From the customer’s perspective, the addition/removal of a PHZ or a VPC only requires 1 association/disassociation i.e. associate/disassociate the new PHZ/VPC with Route 53 PHZ Gateway. The gateway can then perform the underlying many-to-many associations on behalf of the customer.
Now with Route 53 PHZ Gateway, let us re-calculate the total associations needed from the customer’s perspective for the two use-cases discussed above:
Custom Domains:
A customer using 100 VPCs with custom domains would only need to manage 100 VPC + 100 PHZ = 200 Route 53 PHZ Gateway associations as opposed to 10,000 PHZ-VPC associations (as described above).
Sharing Private Link Endpoints
A customer using 50 Interface VPC Endpoints with 100 VPCs would only need to manage 50 PHZ + 100 VPC = 150 Route 53 PHZ Gateway associations as opposed to 5,000 PHZ-VPC associations (as described above).
Route 53 PHZ Gateway is a Logical Resource
Similar to AWS Transit Gateway which simplified the meshed VPC association approach (performed by VPC Peering) via a simplified hub and spoke approach, the Route 53 PHZ Gateway can simplify PHZ-VPC association. However, in comparison to AWS Transit Gateway, Route 53 PHZ Gateway is only a logical resource and not a compute resource (i.e. it does not process DNS resolution queries).
For the sake of simplicity, the above architectural diagram does not display AWS Account boundaries. Each of the above VPCs can very well belong to separate AWS accounts and Route 53 PHZ Gateway shall be shareable with other accounts in AWS Organizations using AWS Resource Access Manager (RAM) to allow associations in a multi-account architecture.
A Managed Service
The proposed Route 53 PHZ Gateway is only used to simplify the process of PHZ-VPC associations from the customer’s perspective. From the AWS’ perspective, the underlying PHZ-VPC associations remain the same.
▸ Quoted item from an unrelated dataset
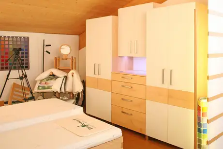 Als sich andere Küchenkunden gerade für unser "altes" Ausstellungsschlafzimmer entschieden, kamen wir bei der Besprechung von Küchenergänzungsteilen für die Speisekammer von Familie Mader auf deren Schlafzimmer zu sprechen und wir boten einen Ausstellungspreis an, falls sie uns ihr Schlafzimmer ein Jahr für die Ausstellung ausleihen würden.

With the proposed Gateway, the responsibility of managing a large number of PHZ-VPC associations migrates from customers to AWS and makes Route 53 PHZ Gateway a managed service.
Conclusion
The current process of Route 53 PHZ-VPC association is a not a scalable solution and the onus is on the customer to perform the associations correctly. Failure to do so can result in widespread DNS disruption. Therefore, a managed association solution from AWS can remove the risk of such disruption and would encourage customers to adopt the prescribed “Share and associate” architecture risk free.